What you need to do >>
Going from the top of the data below, give again each line through the one containing "HEAVY-DUTY ANCIENT BRONZE: Worn", both ends kept.

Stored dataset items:
────

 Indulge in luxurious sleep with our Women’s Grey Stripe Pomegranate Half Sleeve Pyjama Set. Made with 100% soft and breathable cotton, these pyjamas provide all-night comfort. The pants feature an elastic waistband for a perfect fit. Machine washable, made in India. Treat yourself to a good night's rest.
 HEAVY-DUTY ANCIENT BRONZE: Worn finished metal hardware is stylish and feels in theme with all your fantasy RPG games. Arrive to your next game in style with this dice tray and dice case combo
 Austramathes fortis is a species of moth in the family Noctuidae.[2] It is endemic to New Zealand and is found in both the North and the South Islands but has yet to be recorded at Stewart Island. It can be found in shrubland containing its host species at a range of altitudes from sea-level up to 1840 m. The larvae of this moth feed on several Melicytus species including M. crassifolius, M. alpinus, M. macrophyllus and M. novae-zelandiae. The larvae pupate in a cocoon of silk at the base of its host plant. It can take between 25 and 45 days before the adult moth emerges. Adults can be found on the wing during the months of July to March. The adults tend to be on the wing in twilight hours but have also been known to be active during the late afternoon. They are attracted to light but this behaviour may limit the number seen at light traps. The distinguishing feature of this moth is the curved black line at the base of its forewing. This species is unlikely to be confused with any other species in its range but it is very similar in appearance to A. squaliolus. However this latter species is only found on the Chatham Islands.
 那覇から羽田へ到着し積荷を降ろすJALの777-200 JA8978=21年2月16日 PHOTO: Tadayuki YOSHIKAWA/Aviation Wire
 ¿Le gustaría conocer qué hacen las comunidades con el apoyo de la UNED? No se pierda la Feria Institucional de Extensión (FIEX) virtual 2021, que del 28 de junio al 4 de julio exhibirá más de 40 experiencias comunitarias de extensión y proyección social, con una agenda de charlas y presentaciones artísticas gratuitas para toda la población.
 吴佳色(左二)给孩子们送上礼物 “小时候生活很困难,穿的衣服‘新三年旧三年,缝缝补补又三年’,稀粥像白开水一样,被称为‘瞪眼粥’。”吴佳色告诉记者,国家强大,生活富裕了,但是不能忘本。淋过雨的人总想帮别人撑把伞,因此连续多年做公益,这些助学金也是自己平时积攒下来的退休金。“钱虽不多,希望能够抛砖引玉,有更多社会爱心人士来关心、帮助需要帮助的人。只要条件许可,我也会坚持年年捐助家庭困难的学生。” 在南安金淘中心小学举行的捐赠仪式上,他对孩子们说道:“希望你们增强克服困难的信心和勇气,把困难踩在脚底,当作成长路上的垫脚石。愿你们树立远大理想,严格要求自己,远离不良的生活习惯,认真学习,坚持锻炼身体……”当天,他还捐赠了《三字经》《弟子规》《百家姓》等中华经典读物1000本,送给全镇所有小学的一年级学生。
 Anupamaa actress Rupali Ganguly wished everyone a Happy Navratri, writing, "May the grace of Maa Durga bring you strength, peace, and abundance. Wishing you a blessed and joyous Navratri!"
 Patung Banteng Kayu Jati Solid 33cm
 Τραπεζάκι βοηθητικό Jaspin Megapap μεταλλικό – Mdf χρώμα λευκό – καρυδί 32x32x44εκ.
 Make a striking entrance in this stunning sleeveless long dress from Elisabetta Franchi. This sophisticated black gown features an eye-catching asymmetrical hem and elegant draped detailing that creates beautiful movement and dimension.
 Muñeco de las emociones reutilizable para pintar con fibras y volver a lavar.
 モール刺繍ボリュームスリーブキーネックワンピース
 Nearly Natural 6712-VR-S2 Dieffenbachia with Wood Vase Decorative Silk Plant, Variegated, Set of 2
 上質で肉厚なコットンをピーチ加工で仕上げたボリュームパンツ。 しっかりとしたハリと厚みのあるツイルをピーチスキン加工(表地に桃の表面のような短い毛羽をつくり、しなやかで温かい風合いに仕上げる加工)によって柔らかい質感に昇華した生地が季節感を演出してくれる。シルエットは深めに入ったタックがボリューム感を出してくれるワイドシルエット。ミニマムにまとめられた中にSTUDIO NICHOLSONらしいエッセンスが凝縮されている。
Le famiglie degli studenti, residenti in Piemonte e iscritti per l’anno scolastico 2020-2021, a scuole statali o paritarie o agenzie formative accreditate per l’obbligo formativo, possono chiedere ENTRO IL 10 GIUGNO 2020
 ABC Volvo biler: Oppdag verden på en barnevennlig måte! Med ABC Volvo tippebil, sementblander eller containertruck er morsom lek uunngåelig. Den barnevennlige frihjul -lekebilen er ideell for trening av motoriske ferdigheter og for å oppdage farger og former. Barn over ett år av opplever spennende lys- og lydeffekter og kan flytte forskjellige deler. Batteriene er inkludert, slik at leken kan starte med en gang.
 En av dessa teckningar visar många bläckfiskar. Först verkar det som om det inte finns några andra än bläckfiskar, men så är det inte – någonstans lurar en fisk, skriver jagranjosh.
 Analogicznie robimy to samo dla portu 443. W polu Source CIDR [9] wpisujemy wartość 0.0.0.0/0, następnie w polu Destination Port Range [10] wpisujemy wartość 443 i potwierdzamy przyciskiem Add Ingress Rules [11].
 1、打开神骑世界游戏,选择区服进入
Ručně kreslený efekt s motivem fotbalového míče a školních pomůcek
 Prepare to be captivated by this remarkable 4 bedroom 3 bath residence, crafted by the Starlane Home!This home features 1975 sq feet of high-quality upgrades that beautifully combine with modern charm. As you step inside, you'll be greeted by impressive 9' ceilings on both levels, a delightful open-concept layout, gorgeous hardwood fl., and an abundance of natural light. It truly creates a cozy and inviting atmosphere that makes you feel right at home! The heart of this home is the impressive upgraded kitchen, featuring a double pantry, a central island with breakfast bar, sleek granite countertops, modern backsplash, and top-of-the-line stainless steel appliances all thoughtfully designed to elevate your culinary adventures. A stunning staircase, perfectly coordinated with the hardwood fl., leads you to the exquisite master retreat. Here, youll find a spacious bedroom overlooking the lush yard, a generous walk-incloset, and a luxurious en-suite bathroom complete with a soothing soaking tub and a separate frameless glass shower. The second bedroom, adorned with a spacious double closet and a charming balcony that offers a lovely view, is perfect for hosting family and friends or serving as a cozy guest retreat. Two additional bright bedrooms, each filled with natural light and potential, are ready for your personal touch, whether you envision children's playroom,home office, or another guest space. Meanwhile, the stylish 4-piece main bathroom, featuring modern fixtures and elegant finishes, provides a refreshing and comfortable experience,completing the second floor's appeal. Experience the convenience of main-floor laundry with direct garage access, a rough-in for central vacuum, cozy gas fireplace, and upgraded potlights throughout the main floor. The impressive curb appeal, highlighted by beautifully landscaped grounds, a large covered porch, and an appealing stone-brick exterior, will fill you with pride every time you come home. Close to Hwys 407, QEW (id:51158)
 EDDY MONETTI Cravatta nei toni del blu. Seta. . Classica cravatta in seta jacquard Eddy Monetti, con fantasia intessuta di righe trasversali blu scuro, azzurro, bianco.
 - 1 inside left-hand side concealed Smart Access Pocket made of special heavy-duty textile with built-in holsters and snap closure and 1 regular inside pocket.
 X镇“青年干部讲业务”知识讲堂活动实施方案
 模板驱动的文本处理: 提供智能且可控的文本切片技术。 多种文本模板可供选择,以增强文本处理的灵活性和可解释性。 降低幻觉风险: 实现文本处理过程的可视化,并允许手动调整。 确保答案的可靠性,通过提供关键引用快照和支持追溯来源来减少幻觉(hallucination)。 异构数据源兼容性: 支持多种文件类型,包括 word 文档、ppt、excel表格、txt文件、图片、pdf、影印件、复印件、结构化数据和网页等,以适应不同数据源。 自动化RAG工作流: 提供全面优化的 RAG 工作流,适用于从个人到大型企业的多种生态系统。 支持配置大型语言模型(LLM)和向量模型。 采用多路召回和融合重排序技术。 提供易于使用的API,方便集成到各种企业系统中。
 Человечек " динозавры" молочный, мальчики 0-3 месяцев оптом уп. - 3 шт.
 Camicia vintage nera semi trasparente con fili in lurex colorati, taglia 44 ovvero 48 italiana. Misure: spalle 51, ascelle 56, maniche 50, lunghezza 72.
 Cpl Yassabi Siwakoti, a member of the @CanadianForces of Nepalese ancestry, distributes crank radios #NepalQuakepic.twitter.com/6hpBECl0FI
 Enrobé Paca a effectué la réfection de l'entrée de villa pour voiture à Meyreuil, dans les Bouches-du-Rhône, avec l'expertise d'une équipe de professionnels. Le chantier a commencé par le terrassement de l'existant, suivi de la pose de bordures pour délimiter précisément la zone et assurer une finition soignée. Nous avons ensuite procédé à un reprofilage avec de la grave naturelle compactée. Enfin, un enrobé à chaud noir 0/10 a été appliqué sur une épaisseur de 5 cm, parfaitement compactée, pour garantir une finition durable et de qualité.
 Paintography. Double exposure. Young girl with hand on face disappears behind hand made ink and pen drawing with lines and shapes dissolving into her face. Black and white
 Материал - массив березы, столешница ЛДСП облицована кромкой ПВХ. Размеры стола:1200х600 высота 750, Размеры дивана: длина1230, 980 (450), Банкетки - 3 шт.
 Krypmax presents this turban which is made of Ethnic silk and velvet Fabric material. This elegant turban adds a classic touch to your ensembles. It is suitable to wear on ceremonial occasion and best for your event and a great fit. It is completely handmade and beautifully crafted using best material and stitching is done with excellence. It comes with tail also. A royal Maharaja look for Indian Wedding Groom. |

────

Response to this task >>
 Indulge in luxurious sleep with our Women’s Grey Stripe Pomegranate Half Sleeve Pyjama Set. Made with 100% soft and breathable cotton, these pyjamas provide all-night comfort. The pants feature an elastic waistband for a perfect fit. Machine washable, made in India. Treat yourself to a good night's rest.
 HEAVY-DUTY ANCIENT BRONZE: Worn finished metal hardware is stylish and feels in theme with all your fantasy RPG games. Arrive to your next game in style with this dice tray and dice case combo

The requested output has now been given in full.